§ **DIRECTIONS**
Locate the line that contains "Pavla - 1/48" in the entries below, then repeat it and every following line through the line that contains "калий Андрей Ярцев.", exactly, and no others.

§ **PROVIDED RECORDS**
=======

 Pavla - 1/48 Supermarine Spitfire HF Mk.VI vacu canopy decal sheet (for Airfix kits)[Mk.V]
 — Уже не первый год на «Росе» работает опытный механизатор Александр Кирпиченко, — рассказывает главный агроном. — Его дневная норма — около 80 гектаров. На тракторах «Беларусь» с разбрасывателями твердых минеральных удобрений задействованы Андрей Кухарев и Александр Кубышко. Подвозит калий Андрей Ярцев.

=======

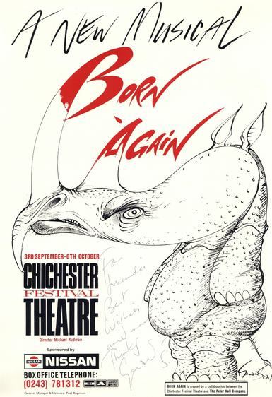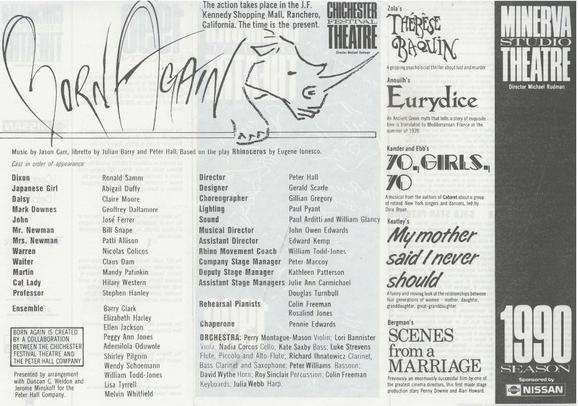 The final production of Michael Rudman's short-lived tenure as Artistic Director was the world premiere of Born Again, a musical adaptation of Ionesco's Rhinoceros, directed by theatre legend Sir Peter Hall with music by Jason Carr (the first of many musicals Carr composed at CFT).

=======

§ **EXERCISE OUTPUT**
 Pavla - 1/48 Supermarine Spitfire HF Mk.VI vacu canopy decal sheet (for Airfix kits)[Mk.V]
 — Уже не первый год на «Росе» работает опытный механизатор Александр Кирпиченко, — рассказывает главный агроном. — Его дневная норма — около 80 гектаров. На тракторах «Беларусь» с разбрасывателями твердых минеральных удобрений задействованы Андрей Кухарев и Александр Кубышко. Подвозит калий Андрей Ярцев.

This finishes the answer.